Start of Block
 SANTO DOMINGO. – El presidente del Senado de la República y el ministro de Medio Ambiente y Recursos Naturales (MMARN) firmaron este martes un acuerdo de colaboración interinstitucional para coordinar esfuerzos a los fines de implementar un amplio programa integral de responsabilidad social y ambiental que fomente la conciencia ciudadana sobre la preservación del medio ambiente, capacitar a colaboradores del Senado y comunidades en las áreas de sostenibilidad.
End of Block
Start of Block
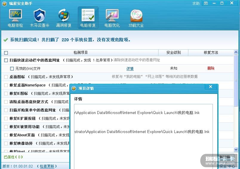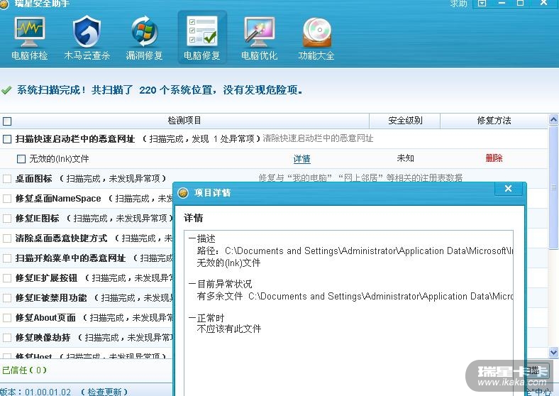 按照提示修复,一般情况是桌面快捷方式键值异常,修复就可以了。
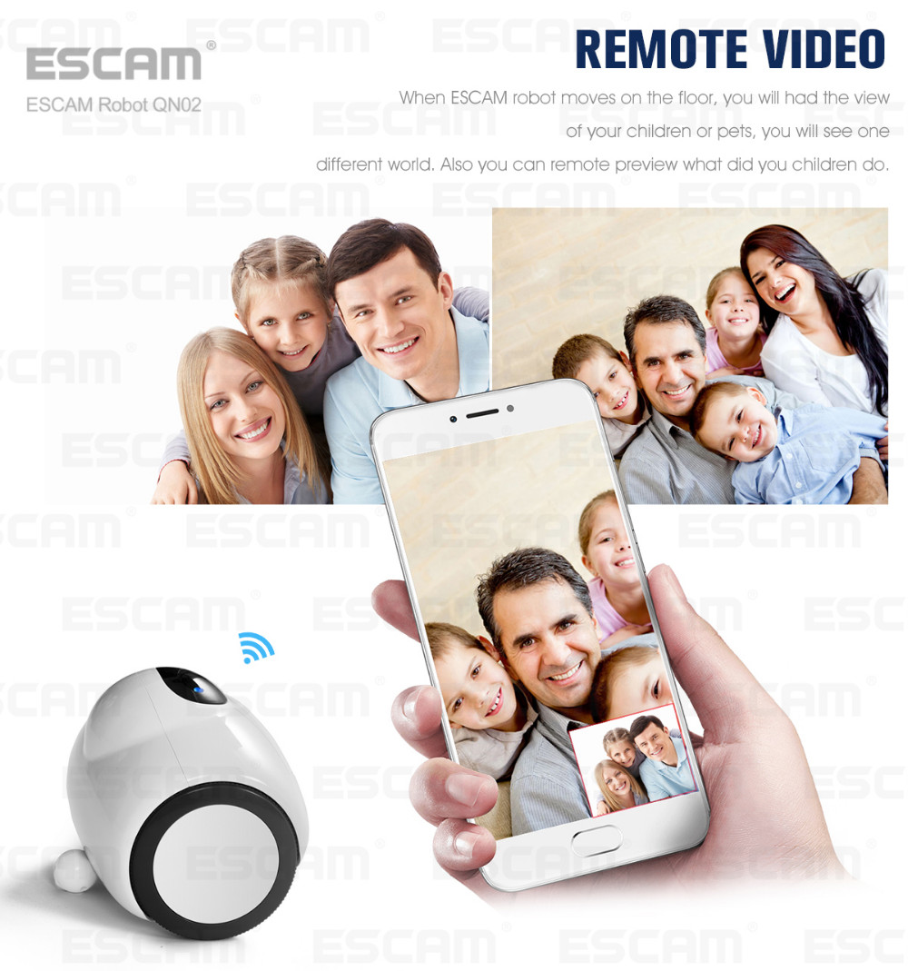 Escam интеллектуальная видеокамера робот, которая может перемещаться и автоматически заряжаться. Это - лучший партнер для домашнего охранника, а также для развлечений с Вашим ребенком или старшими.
End of Block
Your copy should hold only the lines above from the one containing "按照提示修复,一般情况是桌面快捷方式键值异常,修复就可以了。" through the one containing "Escam интеллектуальная видеокамера", exactly as written and free of pictures.

 按照提示修复,一般情况是桌面快捷方式键值异常,修复就可以了。
 Escam интеллектуальная видеокамера робот, которая может перемещаться и автоматически заряжаться. Это - лучший партнер для домашнего охранника, а также для развлечений с Вашим ребенком или старшими.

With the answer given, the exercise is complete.